Exercise prompt: From the line holding "广东省卫生健康委党组书记、主" through the line holding "Pastel Blue Sea Glass Cuff Bracelet" below, write out every line exactly; include both of those lines and drop the pictures.

Available data:
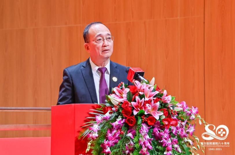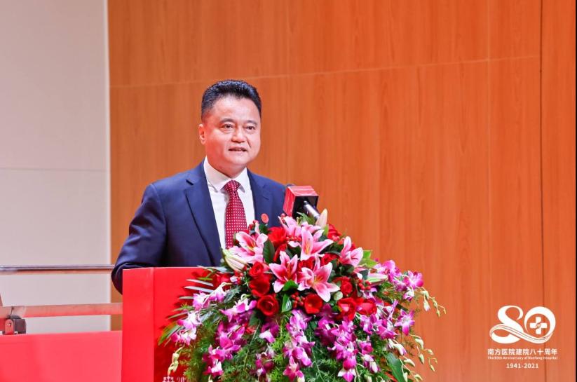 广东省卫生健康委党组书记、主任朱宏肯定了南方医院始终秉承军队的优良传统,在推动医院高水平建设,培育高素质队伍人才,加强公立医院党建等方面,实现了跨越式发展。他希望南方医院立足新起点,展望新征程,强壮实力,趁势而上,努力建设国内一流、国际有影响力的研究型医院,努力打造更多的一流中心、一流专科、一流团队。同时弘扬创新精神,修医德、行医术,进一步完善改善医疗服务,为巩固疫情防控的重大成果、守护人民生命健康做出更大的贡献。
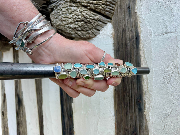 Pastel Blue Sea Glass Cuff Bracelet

==

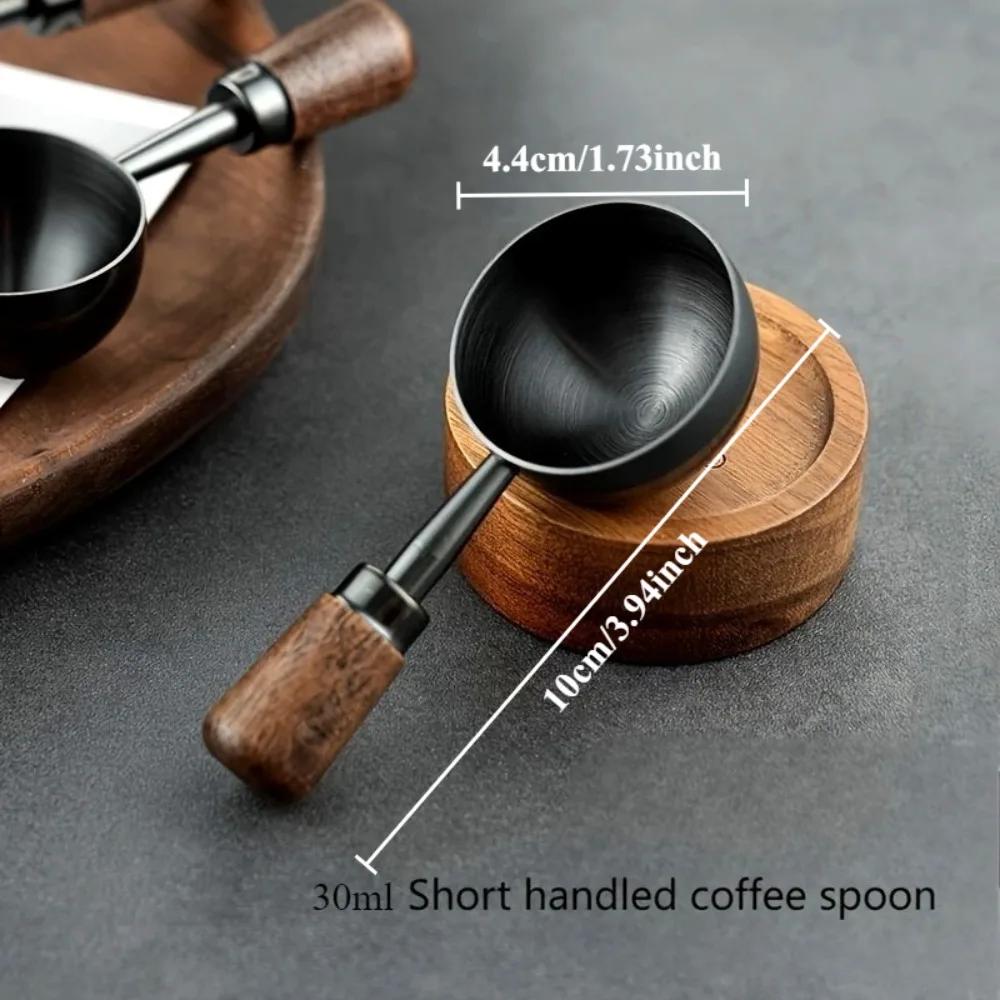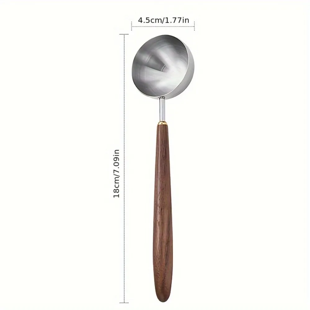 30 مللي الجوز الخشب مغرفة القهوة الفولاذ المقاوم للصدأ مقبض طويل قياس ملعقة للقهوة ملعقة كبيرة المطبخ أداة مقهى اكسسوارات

Task response:
 广东省卫生健康委党组书记、主任朱宏肯定了南方医院始终秉承军队的优良传统,在推动医院高水平建设,培育高素质队伍人才,加强公立医院党建等方面,实现了跨越式发展。他希望南方医院立足新起点,展望新征程,强壮实力,趁势而上,努力建设国内一流、国际有影响力的研究型医院,努力打造更多的一流中心、一流专科、一流团队。同时弘扬创新精神,修医德、行医术,进一步完善改善医疗服务,为巩固疫情防控的重大成果、守护人民生命健康做出更大的贡献。
 Pastel Blue Sea Glass Cuff Bracelet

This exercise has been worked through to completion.